How Being an Outsider Can Make You a Better Artist

By Carolyn Edlund

David Couper

Artsy Shark recently spoke to David Couper, coach and author of “Outsiders on the Inside“, an acclaimed book on transforming your career by turning your  differences into assets.  We discussed how artists can use their “outsider” status to enhance their work and their marketability.

AS: Artists often perceive that they are outsiders. How do they identify and accept this?

DC: Identify as a successful rather than negative outsider. Artists are often seen negatively as outsiders.  Some of the myths that we buy into are the struggling artist, the “starving in a garret” or the eccentric and mad genius.  But the reality is that there are successful artists – not only the names we all know like Andy Warhol or Mary Cassatt -but also artists who have a fine life with a good income selling through galleries, developing art as a business whether it’s greeting cards or personal portraits, and supporting themselves by teaching or through grants.
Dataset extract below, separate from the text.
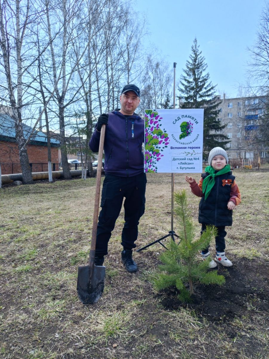 В преддверии 80-летия Победы в Великой Отечественной войне воспитанники детского сад №4 "Ляйсан" совместно с родителями и воспитателями посадили на территории 15 саженцев сосен, елей, лиственниц и берез. Посадочный материал предоставило ГКУ РТ "Бугульминское лесничество"

Accept both internally and externally that it is possible for you to be successful.

  • Internally, you have to give up some of the stories you may have been told by your parents.  Learn to trust yourself through meditation or other centering activities, or learn to give up perfection or procrastination.
  • Externally, you may have to take more classes, understand how the business side works, or get out and meet other artists more.

AS: Talk about how artists can use their unique characteristics to brand themselves.

DC: Celebrate your uniqueness. Everyone is unique, but we often believe that the only way we can be successful is to be like someone else and conform to a cookie cutter version of an artist. Although it’s useful to see what other people do, and to look for things that work whether in marketing or in technique, at the end of the day you have to be yourself. Having the courage to identify what makes you different is vital. Many successful artists realized that they were different, but did not compromise on what they believed in, whether it was Picasso and his blue period or Bolero with his rotund figures.

Take time to look at yourself and to take an inventory of what you like. What do you do, and what do you think that is different from others?

Outsiders on the Inside

If you are stuck trying to work out what makes you different, especially on a positive side, ask a friend to honestly but respectfully give you feedback on how they see you and what makes you unique. This information may be incorrect, so be careful to analyze so you can decide on the truth of it.  Then own that difference and make it your unique trademark or brand.

AS: What steps can an “outsider” take to find success?

  • Accept that you are different and that is OK.

One of my clients took up her calling to be a sculptor after she declared that she was not going to be like her father, with a steady job and a pension, and that was OK.

  • Decide that it is possible to be different and successful.

Look at both famous people and regular artists and see how they have achieved success.  If an artist chooses to keep his or her expenses low by living in an affordable part of the country and by minimizing the gifts and toys and other costs of living, he or she may discover that selling one or two major pieces a year is enough to keep them financially strong.

  • Analyze what makes you different.

Look at all the information you have from your own intuition and database and from other’s opinions and decide what is a possible positive and what is a negative. If you are always late, that is probably not going to be a positive.  If you love the color blue and produce only pictures in that color you may be able to make that your trademark.

  • Emphasize the differences which could appeal to a buyer.  Take your positive differences and think about what could make then enticing.

For example, painting blue paintings might appeal to an audience who is used to looking at surreal or “out there” art. Sculptors might find homeowners who are creating new outdoor spaces and want a unique and interesting sculpture as a focal point.

  • Find out how to connect to these new customers.  Hang out with them whether it is literally through a professional group or networking or online using different social networking tools.

If you were painting portraits of children you would want to find parents or grandparents who might want a custom approach to the kids’ portrait.

  • Sell yourself.  Don’t get scared.  Don’t get nervous.

Value yourself appropriately –not too expensive or cheap. Create success from your strengths.

  • Above all, persist. You may make mistakes, but that’s OK.

People may not like your artistic vision. People may not even like your work.  It takes practice not to get affected by negative feedback, but know that it only takes one buyer to make you a paid artist.

Do you feel like an outsider? David Couper’s book is easy to read, extremely helpful and cleverly written.  It’s full of ideas for making the most of your differences and finding success.


  1. Another inspiring article. I am an outsider and I use it to my creative advantage. I’m currently building an artist collective that plays right into this idea of outsider. It’s exciting to live in the realization that what makes art successful is not fitting in, but standing out and differentiating. (Yee HAW!)

  2. every artist past present & future is an outsider reaching out with their art vision for the world to find and see.
    ‘Insider’ ‘outsider’ such utter nonsense.

  3. Great article! I will have to add this book to my reading list! I am an outsider, and agree that can be an advantage! Though it is important to strongly connect with colleagues and customers, for me, it is also important to continue to expand my horizons. Meeting new people and exploring new ideas, without becoming entrenched in one group, is essential to my creative life.